Question

At what time, between 10 o’clock and 11 o’clock are two hands of the clock symmetric with respect to the vertical line (give the answer to the nearest second)?
A. 10 h 9 min 13 sec
B. 10 h 9 min 14 sec
C. 10 h 9 min 22 sec
D. 10 h 9 min 50 sec

Answer 1

Hint: In this question take the time as a variable in minutes between 10 o'clock and 11 o'clock where the two hands of the clock are in symmetric with respective to the vertical line. The speed of the hour hand to minute hand is \[1:12\]. Then equate the distance moved by the minutes and the distance moved by the hours hand which will lead to the solution of the problem.

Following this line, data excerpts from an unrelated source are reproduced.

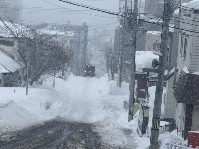 (↓2/19 8:30過ぎ…悪天候で船見坂もロードヒーティングが効かず、小樽駅もタクシー待ちの方も多く混雑していました。 )[ヨ]
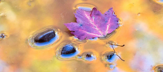 US-Michigan-Upper Peninsula Leaf and rocks in pond with autumn colors reflection White Modern Wood Framed Art Print with Double Matting by Eggers, Julie
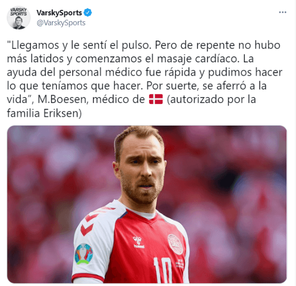 “No sé si volverá a jugar al fútbol.Con franqueza, el jugador murió,aunque fuese por unos minutos, pero murió.¿Un profesional médico le permitiría morir de nuevo? La respuesta es no. La buena noticia es que Eriksen vivirá, la mala noticia es que está llegando al final de su carrera”, declaróSanjay Sharma con preocupación.
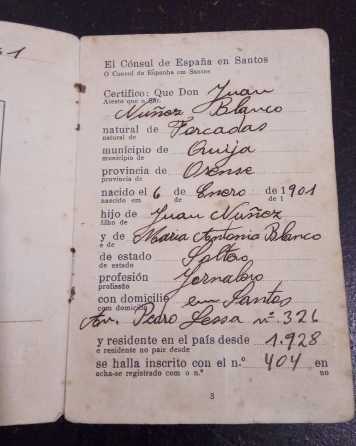 A Ingrid, minha filha do meio, me perguntou sobre a origem da parte espanhola da família, do lado de minha mãe. Recorri aos meus primos mais velhos para ter conhecimento exato dessa informação. Uma delas, a Arilda, me enviou a página do documento que meu tio-avô, Juan Nuñez Blanco que, segundo a minha irmã, foi meu padrinho de batismo, lhe foi outorgado pelo Cônsul da Espanha Em Santos. Os seus filhos chegaram a visitar o local do nascimento do irmão do bisavô, Juan e do próprio bisavô, Antônio, meu avô. Eu, por algum motivo obscuro, nunca tive o desejo de “rever” as terras de onde um dia vieram. Agora, estou quase mudando de ideia. Provavelmente essa mudança se deve à pesquisa que realizei para me informar.
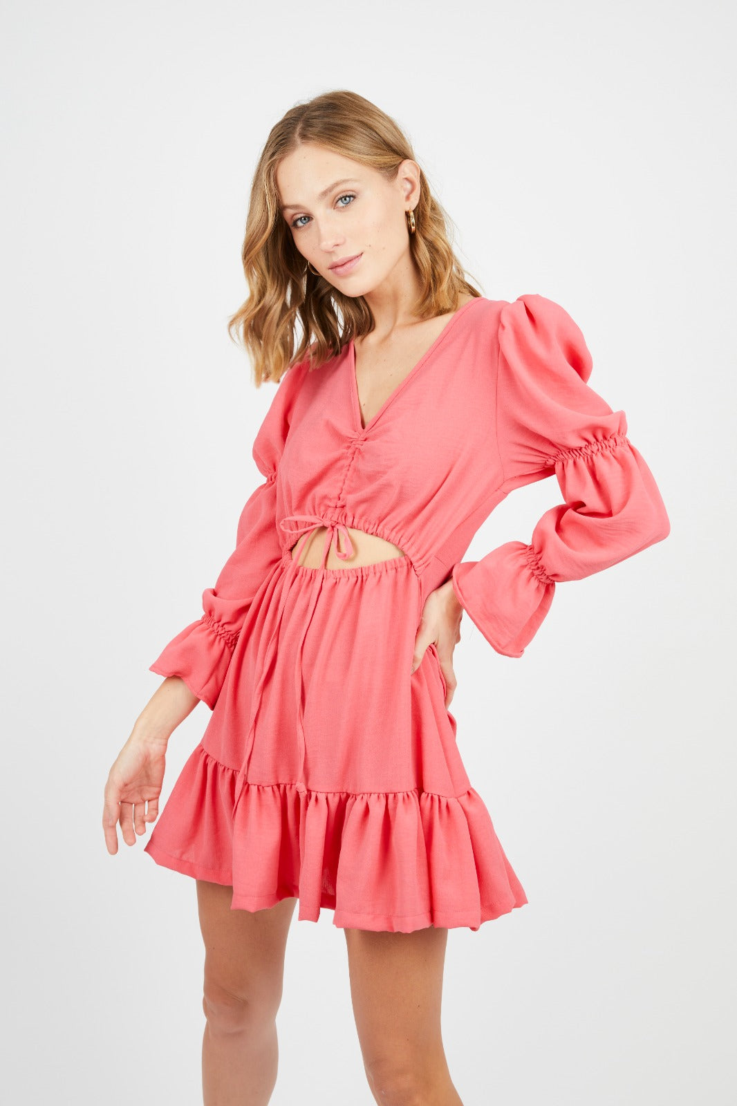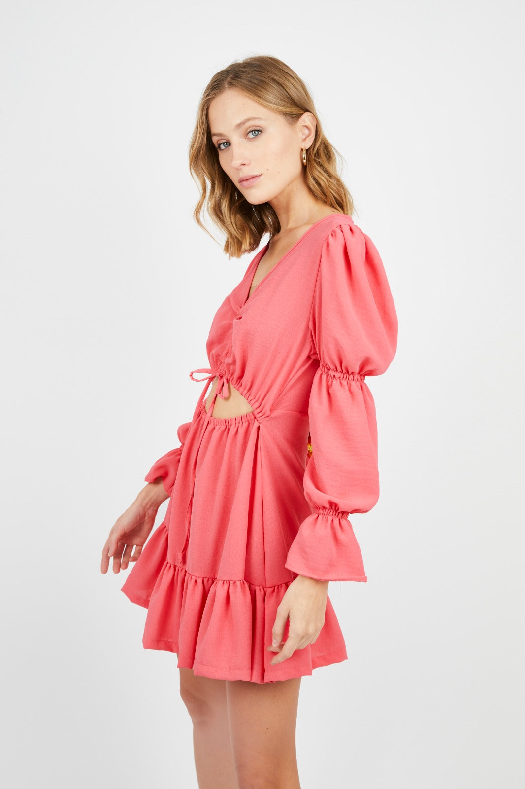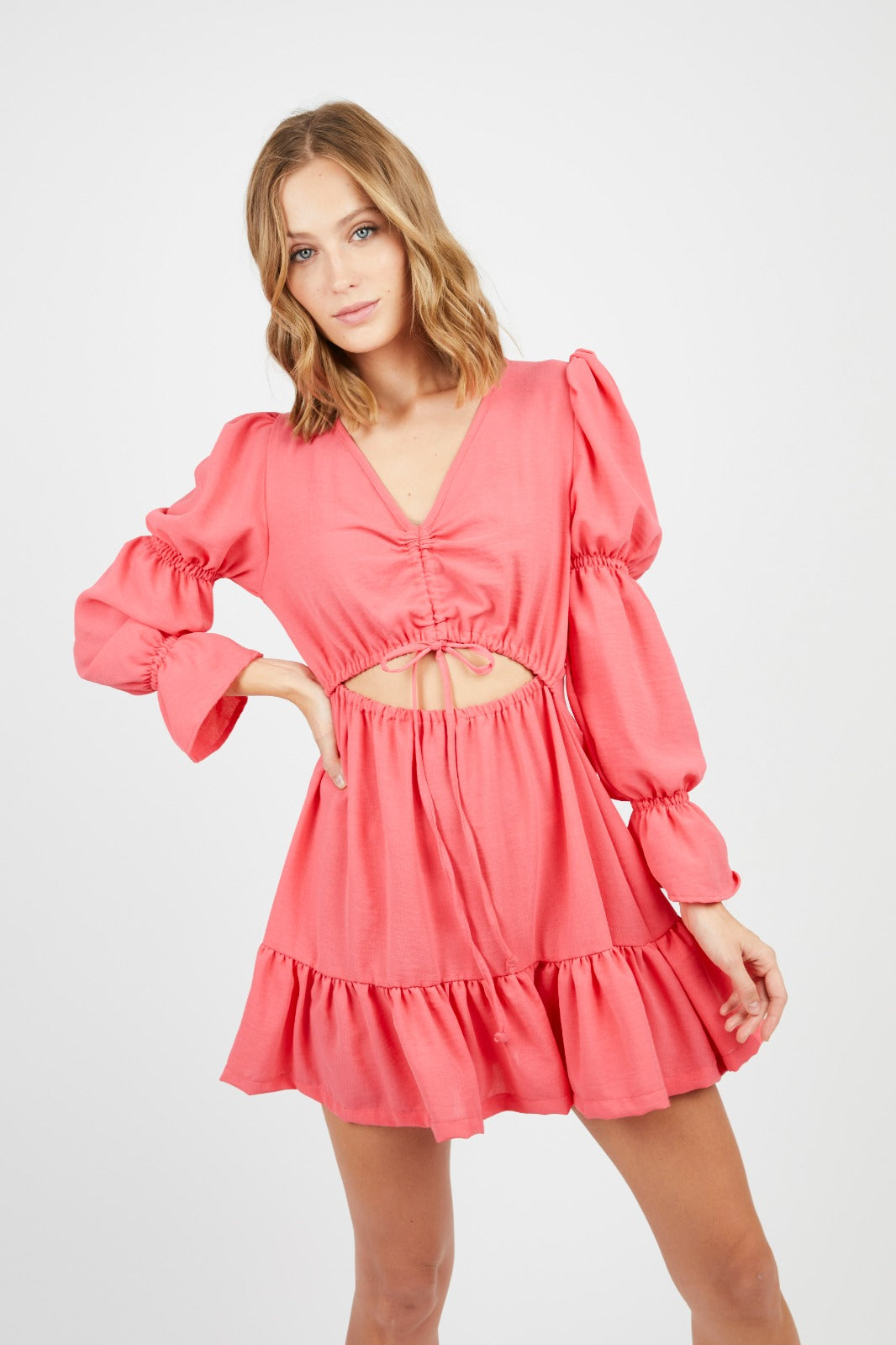 Vestido corto que se ajusta fácilmente debido al elástico que contiene en la abertura, permitiendo que se adecue bien tanto al busto como a la cintura. Además, tiene un pasador que permite controlar la abertura.

Complete step-by-step answer.

Let \[x\]minutes past 10 o'clock and 11 o’clock hands become symmetric.
Here in a clock each number is separated by \[{30^0}\]. Therefore, in one hour, the hour hand moves by \[{30^0}\], while the minute hand moves by \[{360^0}\]. So, the speed of hour hand to minute hand is \[1:12\]
The diagram of the clock will be as shown in the following figure:

Therefore, when the minute hand moves \[x\] minute distance, then the hour hand moves \[\dfrac{x}{{12}}\] minutes distance.
\[
   \Rightarrow \dfrac{x}{{12}} = 10 - x \\
   \Rightarrow \dfrac{x}{{12}} + x = 10 \\
   \Rightarrow \dfrac{{x + 12x}}{{12}} = 10 \\
   \Rightarrow \dfrac{{13x}}{{12}} = 10 \\
  \therefore x = \dfrac{{120}}{{13}}{\text{ minutes}} = 9{\text{ minutes 13}}{\text{.8 seconds}} \\
\]
Hence the required time is 10 h 9 min 13.8 sec which is approximately equals to 10 h 9 min 14 sec
Thus, the correct option is B. 10 h 9 min 14 sec.

Note: After obtaining the answer in minutes and seconds we have added it to the 10 hours as, we have to find the clock symmetric with respect to the vertical line between 10 o'clock and 11 o'clock. In a clock one hour is equal to sixty minutes and one minute is equal to sixty seconds.